> Listed entries
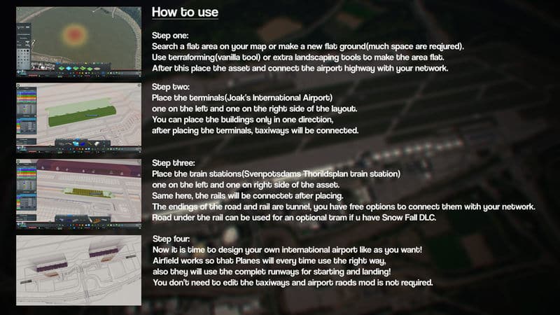 You need only to place this asset on a flat area(much space required) and four buildings(terminals and train stations) and the airport will work.
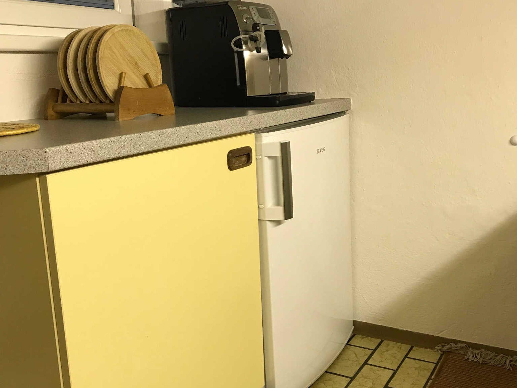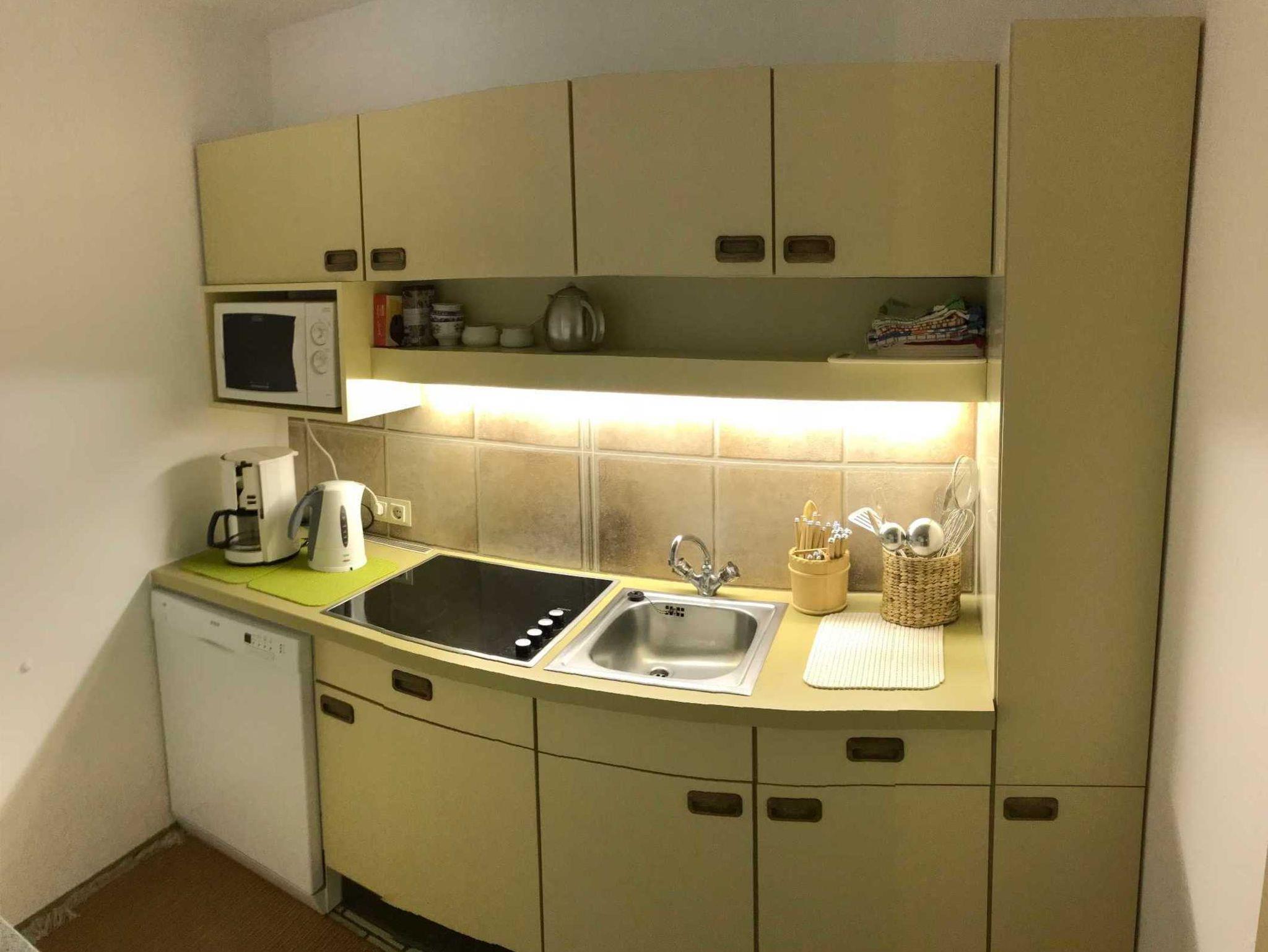 E-Herd, Mikrowelle, Kühlschrank mit Gefrierfach, Toaster, Kaffeeautomat, Kaffeemaschine und einem Teekocher. Koch - und Essgeschirr ist genügend vorhanden.
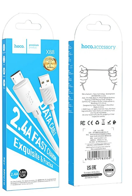 Кабель USB HOCO (X88) microUSB (1м) (белый)
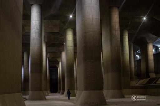 当地时间2015年4月8日,日本东京,世界上最大的地下排水系统——“首都圈外围排水系统”。它建造于1992年至2006年之间,共耗资30亿美元,堪称世界上最先进的下水道排水系统。全长6.4公里,排水系统包括5个高65米、宽32米的巨型竖井,竖井之间由内径约10米的管道连接起来。前4个竖井里导入的洪水通过下水道流入最后一个竖井,集中到由59根高18米、重500吨的大柱子撑起的巨大蓄水池中。日本人将这个长177米、宽78米的蓄水池称作“地下神庙”。“地下神庙”曾经在多部电影和戏剧中出现过。
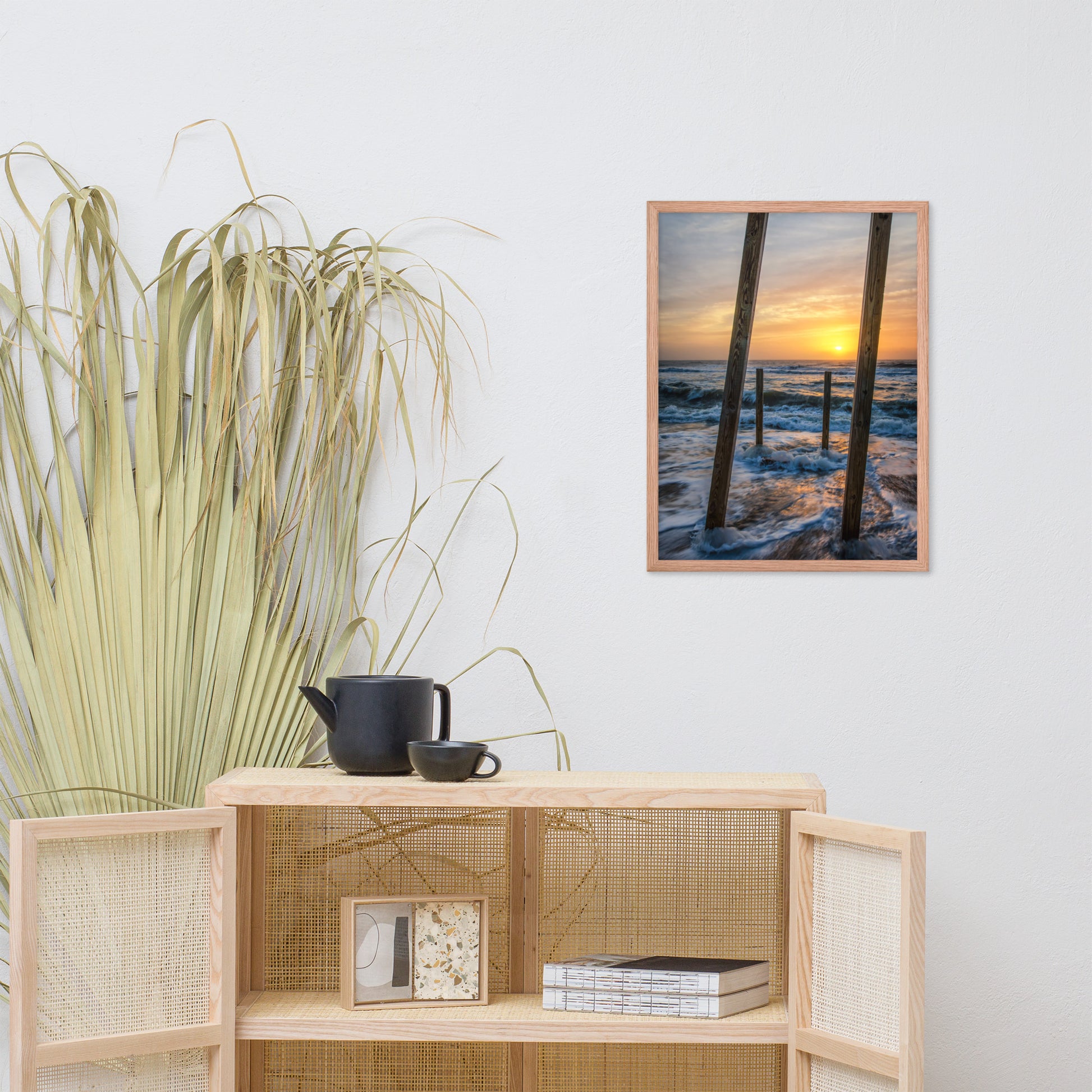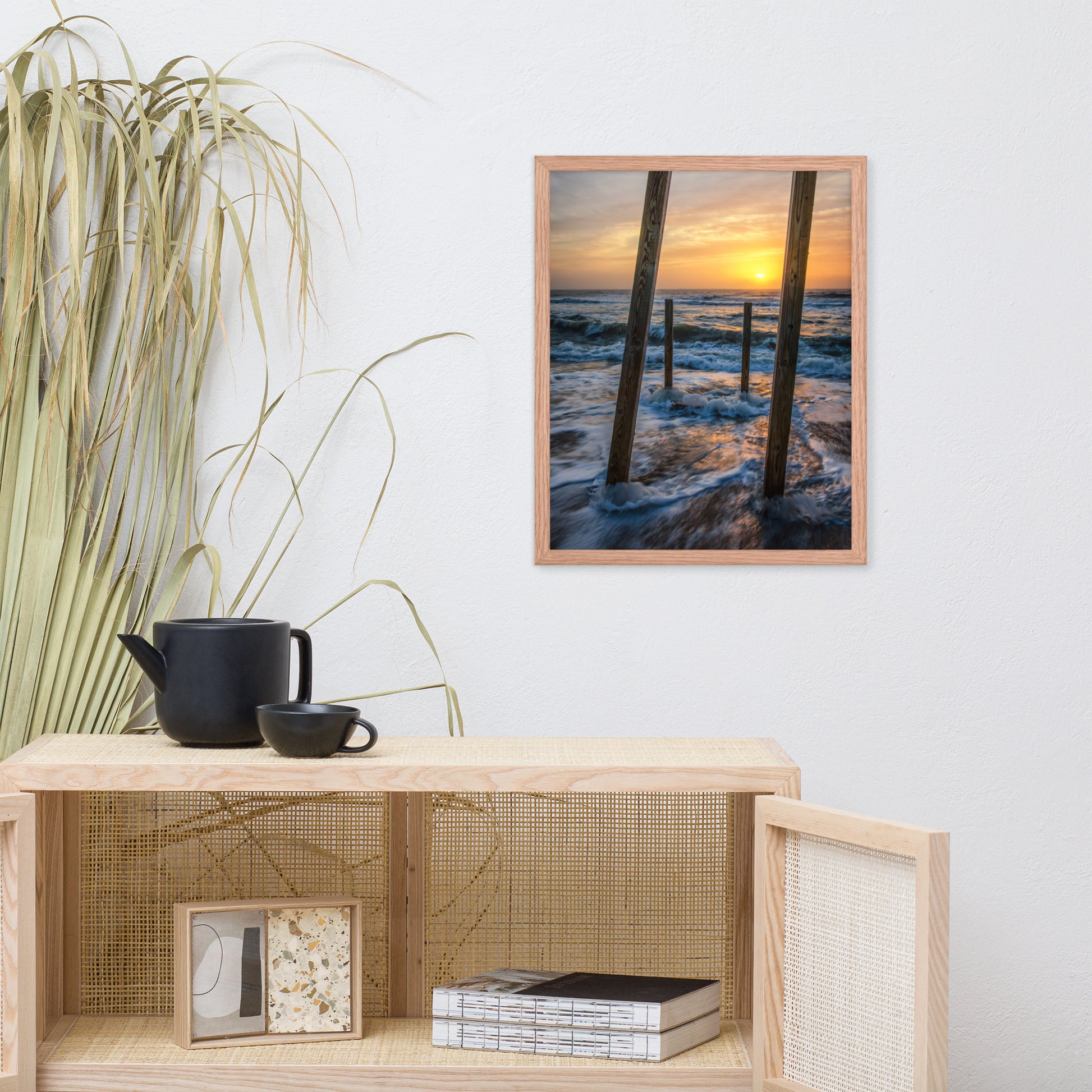 Bring the calming beauty of the coast into your everyday life with "Sunrise Between the Pillars." Order your framed wall art print today and experience the transformative power of art.

> Task brief
All lines from the one containing "E-Herd, Mikrowelle, Kühlschrank" through the final line of the records are to be retyped exactly; no other lines and no pictures are to be included.

> Output of the exercise
 E-Herd, Mikrowelle, Kühlschrank mit Gefrierfach, Toaster, Kaffeeautomat, Kaffeemaschine und einem Teekocher. Koch - und Essgeschirr ist genügend vorhanden.
 Кабель USB HOCO (X88) microUSB (1м) (белый)
 当地时间2015年4月8日,日本东京,世界上最大的地下排水系统——“首都圈外围排水系统”。它建造于1992年至2006年之间,共耗资30亿美元,堪称世界上最先进的下水道排水系统。全长6.4公里,排水系统包括5个高65米、宽32米的巨型竖井,竖井之间由内径约10米的管道连接起来。前4个竖井里导入的洪水通过下水道流入最后一个竖井,集中到由59根高18米、重500吨的大柱子撑起的巨大蓄水池中。日本人将这个长177米、宽78米的蓄水池称作“地下神庙”。“地下神庙”曾经在多部电影和戏剧中出现过。
 Bring the calming beauty of the coast into your everyday life with "Sunrise Between the Pillars." Order your framed wall art print today and experience the transformative power of art.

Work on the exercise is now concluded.